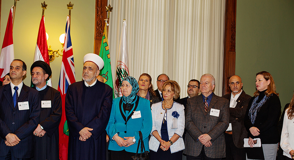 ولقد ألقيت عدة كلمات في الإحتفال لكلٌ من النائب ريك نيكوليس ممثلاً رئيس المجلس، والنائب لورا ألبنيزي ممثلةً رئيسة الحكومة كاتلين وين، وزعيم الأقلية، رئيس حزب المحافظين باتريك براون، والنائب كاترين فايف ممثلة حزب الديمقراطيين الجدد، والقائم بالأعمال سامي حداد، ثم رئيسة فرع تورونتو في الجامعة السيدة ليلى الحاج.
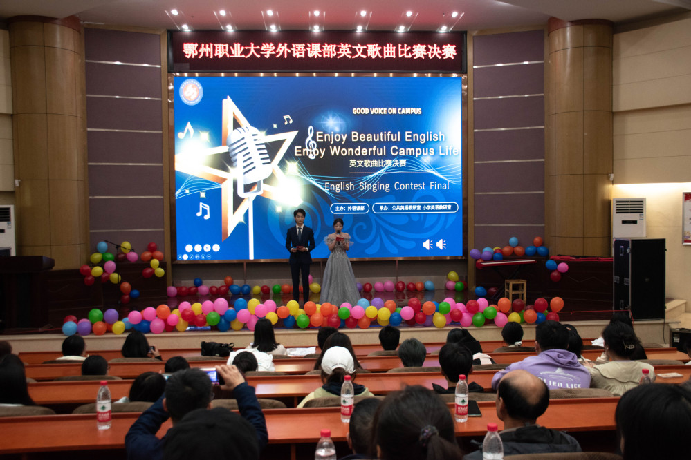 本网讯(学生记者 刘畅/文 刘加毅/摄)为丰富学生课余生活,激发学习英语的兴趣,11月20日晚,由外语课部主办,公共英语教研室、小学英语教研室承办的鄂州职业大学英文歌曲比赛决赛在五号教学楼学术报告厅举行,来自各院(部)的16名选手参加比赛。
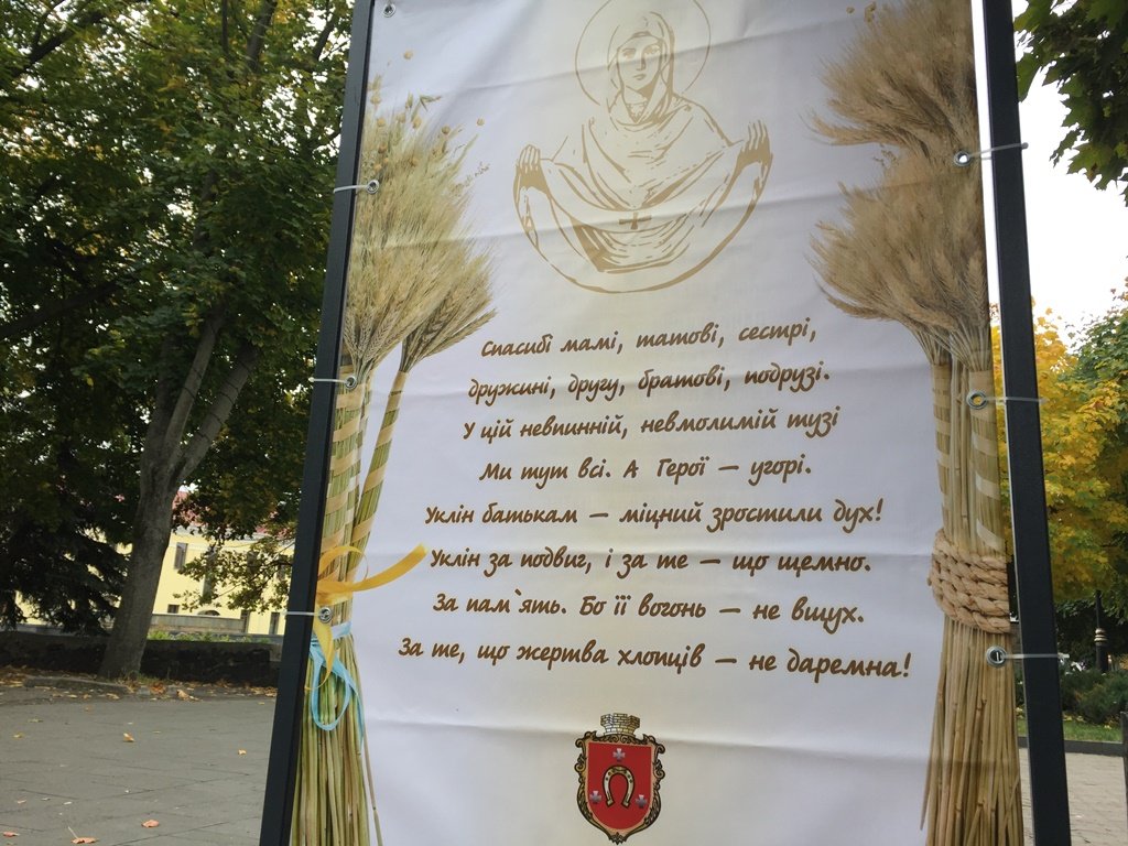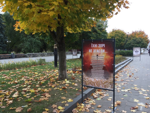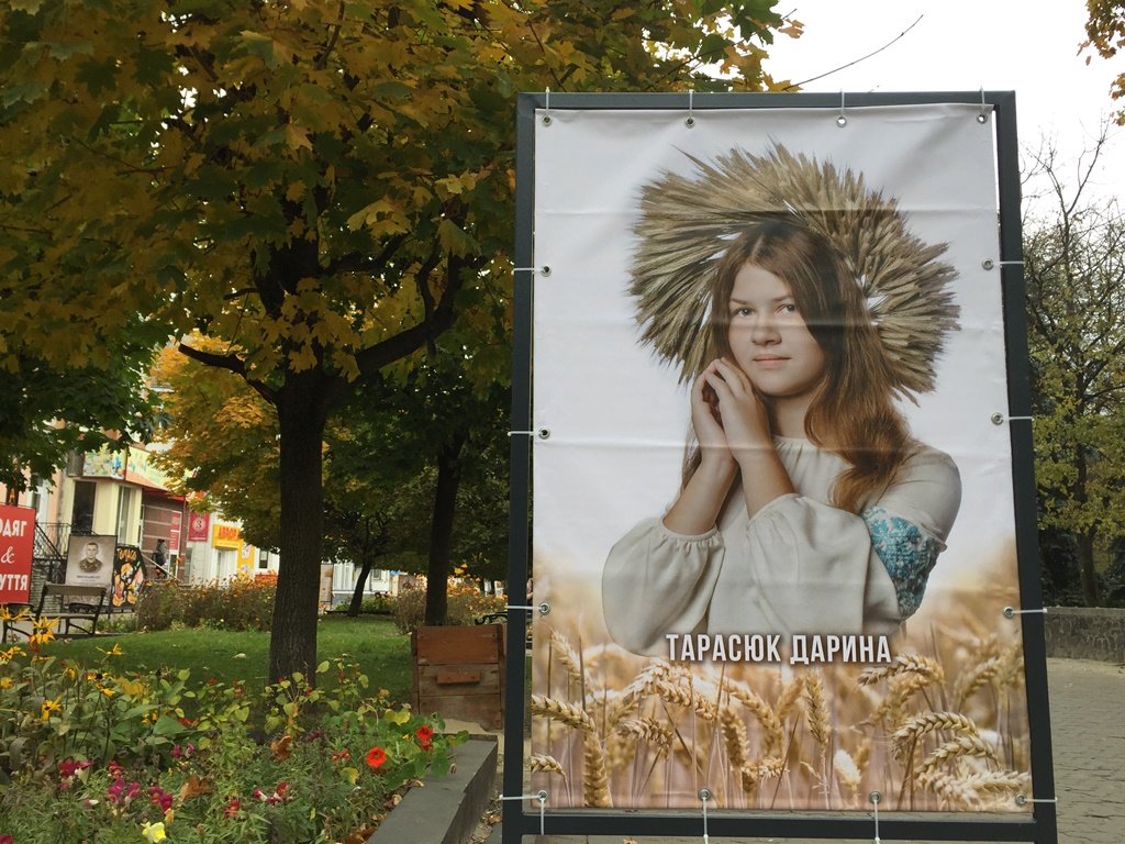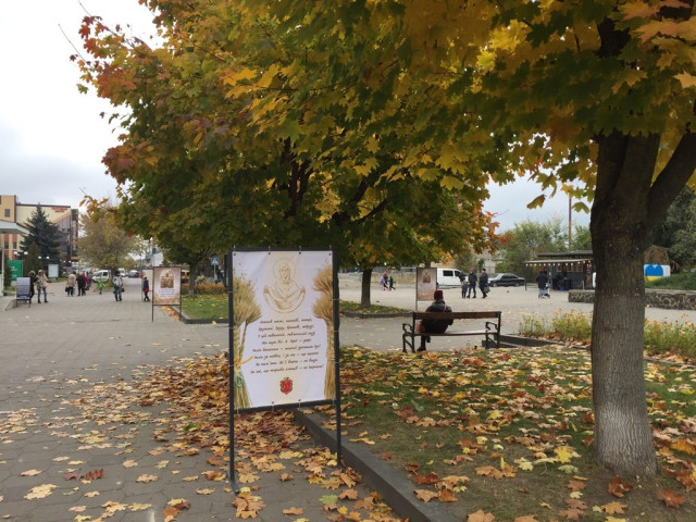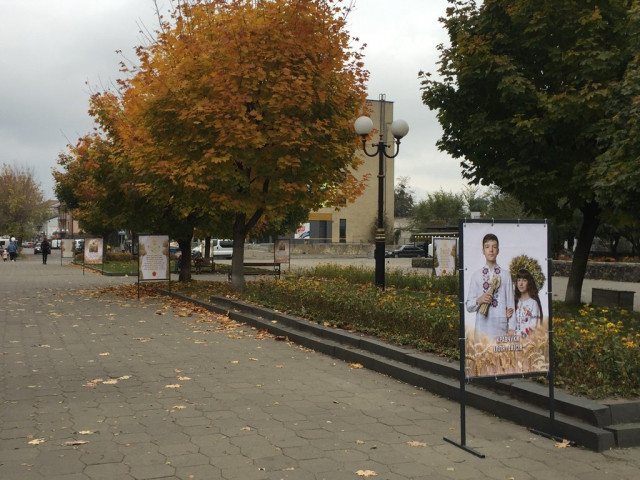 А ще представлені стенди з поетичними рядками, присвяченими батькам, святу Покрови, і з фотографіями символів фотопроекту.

...

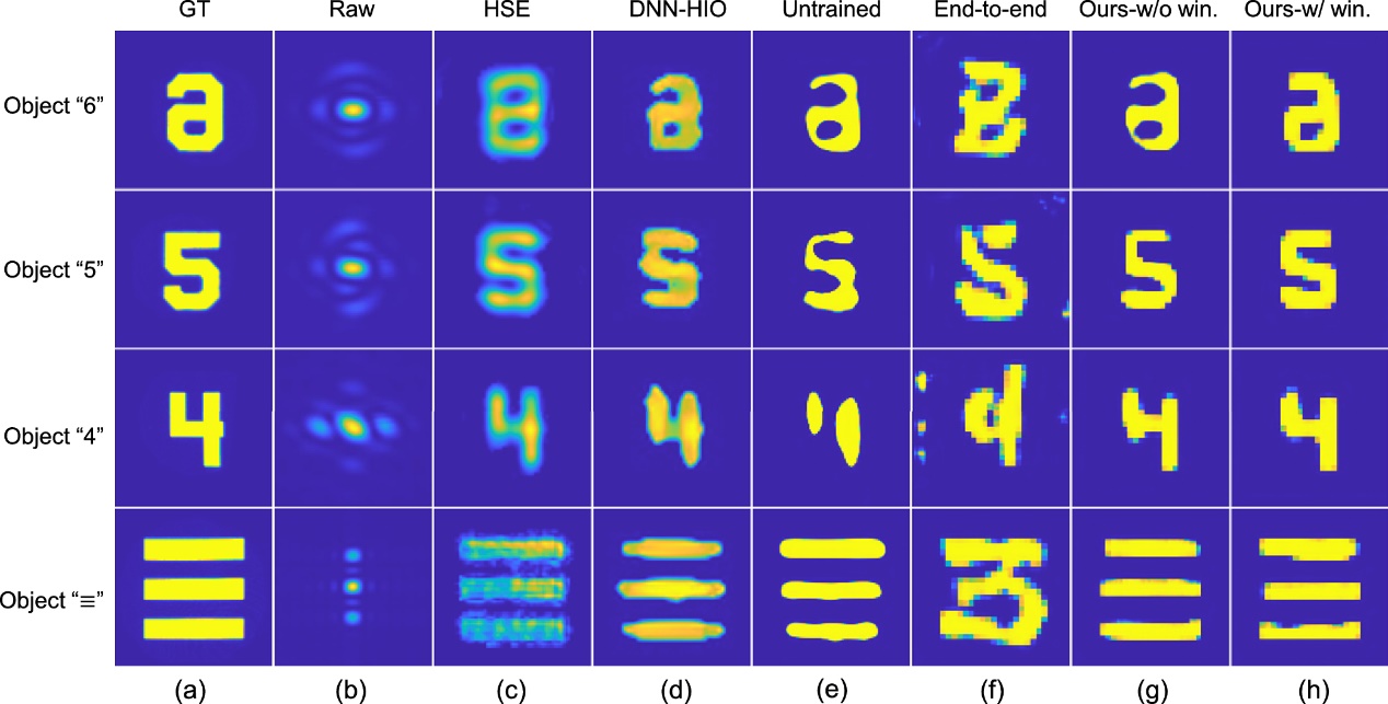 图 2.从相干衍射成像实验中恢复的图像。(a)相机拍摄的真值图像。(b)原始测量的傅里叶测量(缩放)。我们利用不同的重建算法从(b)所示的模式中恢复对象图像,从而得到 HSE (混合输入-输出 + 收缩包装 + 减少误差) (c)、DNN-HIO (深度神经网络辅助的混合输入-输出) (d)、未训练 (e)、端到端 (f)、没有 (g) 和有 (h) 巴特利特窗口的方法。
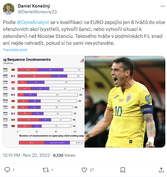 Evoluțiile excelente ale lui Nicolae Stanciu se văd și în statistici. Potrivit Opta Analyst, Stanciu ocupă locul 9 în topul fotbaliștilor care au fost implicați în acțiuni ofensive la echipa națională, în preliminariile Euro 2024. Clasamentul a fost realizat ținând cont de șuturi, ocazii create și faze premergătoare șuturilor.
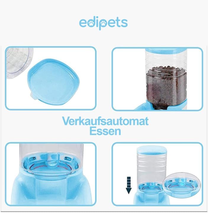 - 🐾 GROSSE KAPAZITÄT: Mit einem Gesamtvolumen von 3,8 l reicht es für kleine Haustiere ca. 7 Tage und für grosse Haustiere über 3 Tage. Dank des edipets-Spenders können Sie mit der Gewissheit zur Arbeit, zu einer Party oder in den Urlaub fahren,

■ TASK DIRECTIONS
Start with the line above containing "ولقد ألقيت عدة" and end with the line containing "А ще представлені". Set down that stretch exactly, without any pictures.

■ REPLY
 ولقد ألقيت عدة كلمات في الإحتفال لكلٌ من النائب ريك نيكوليس ممثلاً رئيس المجلس، والنائب لورا ألبنيزي ممثلةً رئيسة الحكومة كاتلين وين، وزعيم الأقلية، رئيس حزب المحافظين باتريك براون، والنائب كاترين فايف ممثلة حزب الديمقراطيين الجدد، والقائم بالأعمال سامي حداد، ثم رئيسة فرع تورونتو في الجامعة السيدة ليلى الحاج.
 本网讯(学生记者 刘畅/文 刘加毅/摄)为丰富学生课余生活,激发学习英语的兴趣,11月20日晚,由外语课部主办,公共英语教研室、小学英语教研室承办的鄂州职业大学英文歌曲比赛决赛在五号教学楼学术报告厅举行,来自各院(部)的16名选手参加比赛。
 А ще представлені стенди з поетичними рядками, присвяченими батькам, святу Покрови, і з фотографіями символів фотопроекту.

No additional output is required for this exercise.